On 11/17/22 21:53, Palmer Dabbelt wrote:
On Thu, 17 Nov 2022 14:44:31 PST (-0800), jeffreya...@gmail.com wrote:
On 11/8/22 12:55, Philipp Tomsich wrote:
If we are testing a register or a paradoxical subreg (i.e. anything
that is not
a partial subreg) for equality/non-equality with zero, we can
generate a branch
that compares against $zero. This will work for QI, HI, SI and
DImode, so we
enable this for ANYI.
2020-08-30 gcc/ChangeLog:
* config/riscv/riscv.md (*branch<mode>_equals_zero): Added pattern.
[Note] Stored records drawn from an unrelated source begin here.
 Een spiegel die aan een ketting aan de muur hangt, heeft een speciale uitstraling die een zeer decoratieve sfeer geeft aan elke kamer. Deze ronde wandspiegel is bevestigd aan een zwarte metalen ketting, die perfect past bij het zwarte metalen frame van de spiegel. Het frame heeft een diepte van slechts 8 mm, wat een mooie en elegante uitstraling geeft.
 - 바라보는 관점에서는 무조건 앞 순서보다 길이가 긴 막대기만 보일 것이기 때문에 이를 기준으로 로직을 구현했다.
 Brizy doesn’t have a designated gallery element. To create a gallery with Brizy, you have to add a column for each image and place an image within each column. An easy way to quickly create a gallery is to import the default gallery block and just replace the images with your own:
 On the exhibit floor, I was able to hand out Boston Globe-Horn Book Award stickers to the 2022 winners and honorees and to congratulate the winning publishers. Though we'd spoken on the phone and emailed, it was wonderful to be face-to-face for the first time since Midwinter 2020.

I've gone back an forth on this a few times. As you know, I hate
subregs in the target descriptions and I guess I need to extend that to
querying if something is a subreg or not rather than just subregs
appearing in the RTL.
Presumably the idea behind rejecting partial subregs is the bits outside
the partial is unspecified, but that's also going to be true if we're
looking at a hardreg in QImode (for example) irrespective of it being
wrapped in a subreg.
I don't doubt it works the vast majority of the time, but I haven't been
able to convince myself it'll work all the time. How do we ensure that
the bits outside the mode are zero? I've been bitten by this kind of
problem before, and it's safe to say it was exceedingly painful to find.
I don't really understand the middle-end issues here (if there are
any?), but I'm pretty sure code like this has passed by a few times
before and we've yet to find a reliable way to optimize these cases.
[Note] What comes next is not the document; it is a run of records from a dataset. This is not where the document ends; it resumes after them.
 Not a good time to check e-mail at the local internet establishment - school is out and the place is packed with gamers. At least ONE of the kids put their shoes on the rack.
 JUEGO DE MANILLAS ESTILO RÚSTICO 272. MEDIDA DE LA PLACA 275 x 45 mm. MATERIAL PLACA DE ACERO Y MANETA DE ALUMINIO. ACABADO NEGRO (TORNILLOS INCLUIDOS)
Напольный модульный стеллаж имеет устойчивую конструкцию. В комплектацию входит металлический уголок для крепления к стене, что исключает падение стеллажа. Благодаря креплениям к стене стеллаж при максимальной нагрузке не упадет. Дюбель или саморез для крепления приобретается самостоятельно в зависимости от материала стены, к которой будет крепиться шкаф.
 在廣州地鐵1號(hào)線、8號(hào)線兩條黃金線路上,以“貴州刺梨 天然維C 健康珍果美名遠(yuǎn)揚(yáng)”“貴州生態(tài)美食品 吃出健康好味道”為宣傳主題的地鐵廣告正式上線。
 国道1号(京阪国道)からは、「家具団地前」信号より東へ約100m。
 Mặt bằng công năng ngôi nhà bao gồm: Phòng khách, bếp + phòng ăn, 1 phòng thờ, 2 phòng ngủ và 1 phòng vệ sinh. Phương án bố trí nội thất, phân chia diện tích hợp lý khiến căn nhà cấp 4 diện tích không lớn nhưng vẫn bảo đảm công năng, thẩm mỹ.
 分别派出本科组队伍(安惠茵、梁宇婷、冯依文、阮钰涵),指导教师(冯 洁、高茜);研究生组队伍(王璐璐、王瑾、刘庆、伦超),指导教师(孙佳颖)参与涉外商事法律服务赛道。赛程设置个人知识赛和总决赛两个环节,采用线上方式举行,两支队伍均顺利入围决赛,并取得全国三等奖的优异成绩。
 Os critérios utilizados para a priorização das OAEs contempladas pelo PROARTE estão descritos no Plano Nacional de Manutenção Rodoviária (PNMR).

There's a bunch of patterns where knowing the XLEN-extension of
shorter values would let us generate better code, but there's also
cases where we'd generate worse code by ensure any extension scheme is
followed.
It's not really the extension scheme, though that is a subset of the
concerns in this space. Essentially we have to be 100% sure that the
bits outside of the branch mode (QI/HI/SI) and XLEN are zero, it's not
just the sign bit. This becomes even more of a concern as we exploit
the bitmanip extensions more aggressively.
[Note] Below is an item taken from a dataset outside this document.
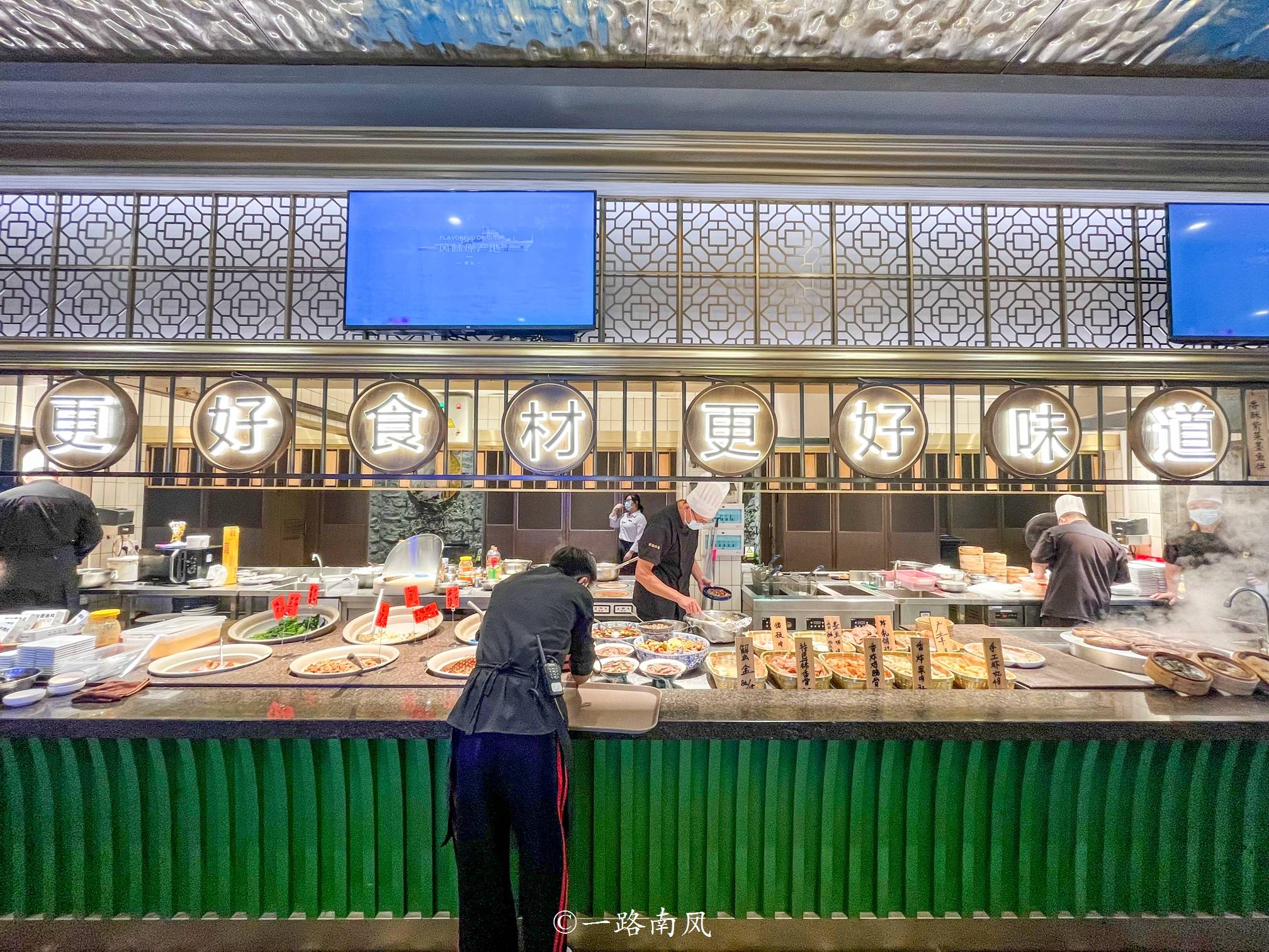 从一楼乘坐电梯到4楼,出了电梯就看到了。这家店的厨房和实物展示大厅是在一起的,整个制作过程清晰可见,少了后顾之忧。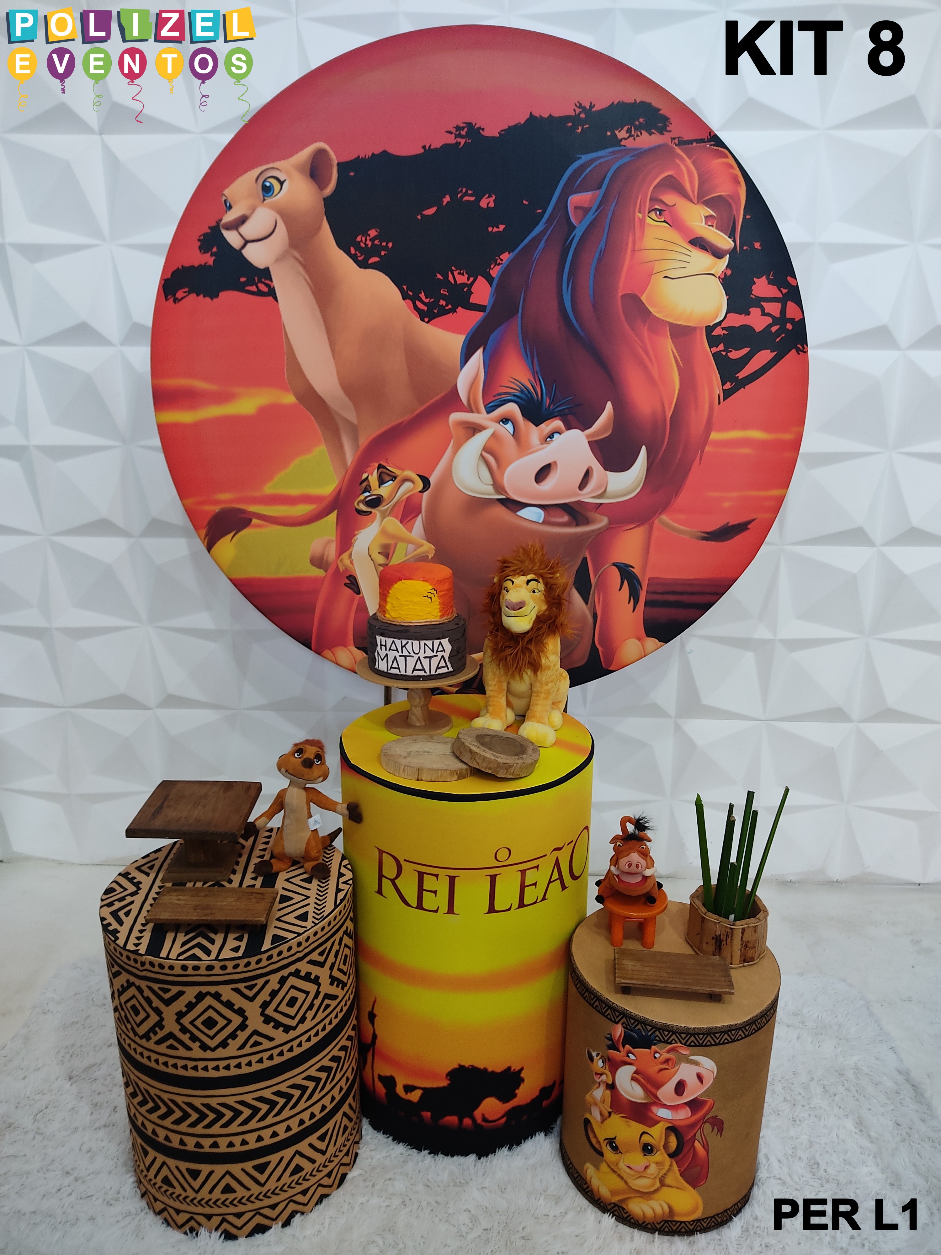 Todas as decorações contém fundo (tecido ou telado com balões), móveis (clássicos ou rústicos), bolo cenográfico e mesa de brinquedos

The SUBREG check is supposed to avoid that problem, but I'm not
convinced it's sufficient.
Philipp claims that PROMOTE_MODE plus WORD_REGISTER_OPERATIONS is
sufficient here, but I'm not sure that's the case. He's digging out
the rationale from some internal archives which we'll dig into once he
finds it.
I'd be happy to be proved wrong :-)
jeff